4. Другие меры защиты:

• Срок действия cookies: Устанавливать ограниченный срок действия для всех cookies, содержащих конфиденциальную информацию.
• Удаление cookies при выходе: Предоставлять пользователям возможность удалять cookies при выходе из системы.
• Шифрование конфиденциальных данных в cookies: Не храните конфиденциальные данные в cookies в открытом виде. Шифруйте конфиденциальные данные перед их сохранением в cookies.
• Ограничение размера cookies: Ограничьте размер cookies, чтобы предотвратить переполнение буфера или другие атаки, связанные с cookies.
• Domain and Path attributes: Правильно настраивайте атрибуты Domain и Path для cookies, чтобы ограничить область их действия.
• SameSite attribute: Используйте атрибут SameSite для cookies, чтобы предотвратить атаки CSRF. Атрибут SameSite определяет, когда cookies могут быть отправлены вместе с межсайтовыми запросами.
• Мониторинг журналов: Мониторьте журналы веб-сервера для выявления подозрительной активности, связанной с cookies.
• Аудит безопасности: Регулярно проводите аудит безопасности вашего веб-приложения для выявления уязвимостей, связанных с cookies.

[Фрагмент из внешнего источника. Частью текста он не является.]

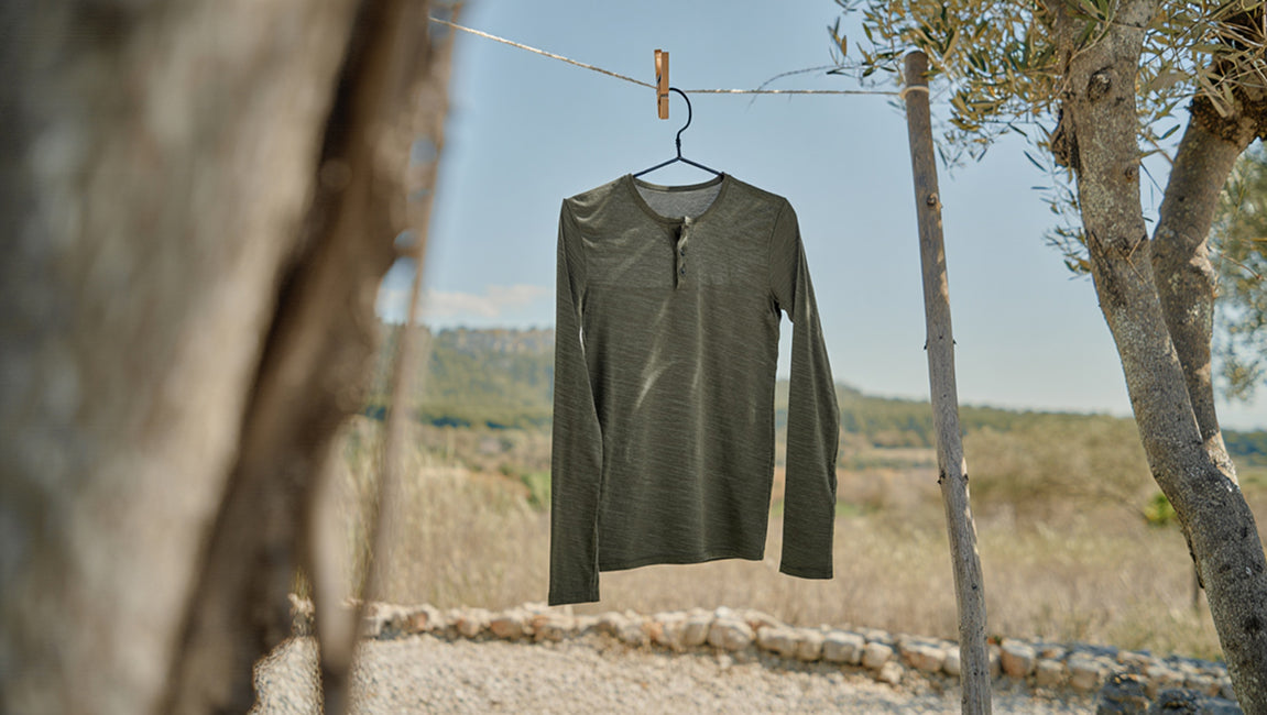 Grâce aux propriétés anti-odeurs exceptionnelles de notre laine mérinos, ce Henley reste frais — même après plusieurs jours.

Пример настройки атрибутов cookies в PHP:

setcookie("session_id", $session_id, [    'expires' => time() + 3600,  // Срок действия: 1 час    'path' => '/',  // Доступен для всех путей на сайте    'domain' => 'example.com', // Доступен только для этого домена и поддоменов    'secure' => true, // Передавать только по HTTPS    'httponly' => true, // Недоступен для JavaScript    'samesite' => 'Strict', // Защита от CSRF]);

Ключевые моменты:

• HTTPS: Использование HTTPS - это основа защиты cookies.
• Защита от XSS: Предотвращение XSS-атак имеет решающее значение для защиты cookies от кражи.
• Атрибуты Cookies: Правильная настройка атрибутов cookies (HttpOnly, Secure, SameSite, Domain, Path) обеспечивает дополнительный уровень защиты.
• Комплексный подход: Необходимо применять все вышеперечисленные меры в комплексе для обеспечения максимальной защиты cookies.